From: Mareks Kalnačs <Mareks(dot)Kalnacs(at)datakom(dot)lv>
To: Tom Lane <tgl(at)sss(dot)pgh(dot)pa(dot)us>, Victor Yegorov <vyegorov(at)gmail(dot)com>
Cc: "pgsql-bugs(at)postgresql(dot)org" <pgsql-bugs(at)postgresql(dot)org>, Māris Rucis <Maris(dot)Rucis(at)datakom(dot)lv>, Pāvels Koržs <Pavels(dot)Korzs(at)datakom(dot)lv>
Subject: RE: PostgreSQL 10.0 SELECT LIMIT performance problem
Date: 2018-09-13 10:19:04
Message-ID: c081b34fc8584e4e80ddf0e99eabbba5@datakom.lv
Views: Raw Message | Whole Thread | Download mbox | Resend email
Thread:
Lists: pgsql-bugs

Hi!

My point is, why planned ignore table hits and, when joining tables, think that rows will be less than in reality:

Table1: Index Scan using idx_tvc_entity_sid_u on tvcis.tvc_entity e (cost=0.28..1856.72 rows=253 width=208) (actual time=0.091..13.944 rows=71 loops=1)

Table2: Index Scan using idx_oss_objects_sid on tvcis.oss_objects o (cost=0.29..16.84 rows=23 width=951) (actual time=0.009..0.033 rows=18 loops=71)

Join: Nested Loop (cost=0.57..6175.55 rows=9 width=951) (actual time=0.112..17.355 rows=1291 loops=1)

Why planned don’t take in account results from each table:

Join rows = Table1 rows * Table2 rows == 253 * 23 = 5819? In this case difference will be 22%, but planner got 9 rows what is 0.7% from actual result

As we see, actual rows almost equal with subquery row multiplication 71 * 18 ~= 1291

Mareks

-----Original Message-----
From: Tom Lane <tgl(at)sss(dot)pgh(dot)pa(dot)us>
Sent: trešdiena, 2018. gada 12. septembris 20:04
To: Victor Yegorov <vyegorov(at)gmail(dot)com>
Cc: Mareks Kalnačs <Mareks(dot)Kalnacs(at)datakom(dot)lv>; pgsql-bugs(at)postgresql(dot)org; Māris Rucis <Maris(dot)Rucis(at)datakom(dot)lv>
Subject: Re: PostgreSQL 10.0 SELECT LIMIT performance problem

Victor Yegorov <vyegorov(at)gmail(dot)com<mailto:vyegorov(at)gmail(dot)com>> writes:

> The fact, that planner is not accurate on the estimates of JSON

> internal keys is expected, PostgreSQL is not parsing JSON values when

> gathering stats.

> You cannot expect planner to be picky about all possible corner cases,

> it would make planning time enormously huge.

Right.

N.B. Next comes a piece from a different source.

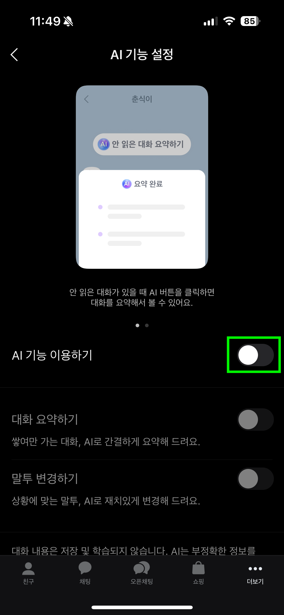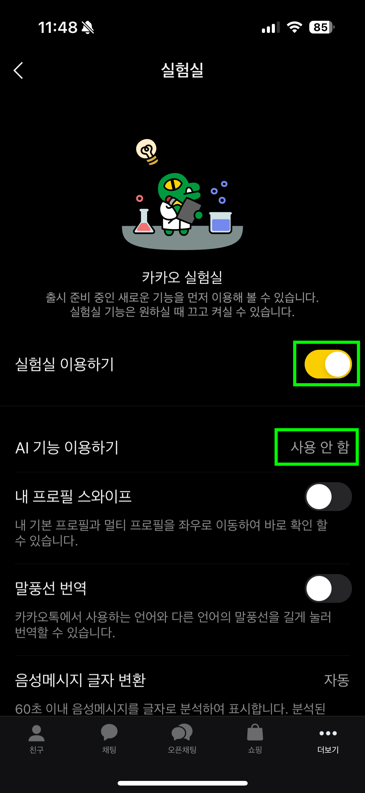카카오톡 실험실의 AI 기능 설정하는 방법

The fact that it doesn't make the right guesses without help can't be considered to be a bug in all cases. These are engineering tradeoffs we have to make.

> That is the reason I outlined, that important keys should be extracted

> into plain columns.

If that seems infeasible from an application standpoint, another possibility is to make expression indexes on those important keys.

ANALYZE will gather stats on the values of indexed expressions, and then perhaps the planner will have enough info to make better decisions.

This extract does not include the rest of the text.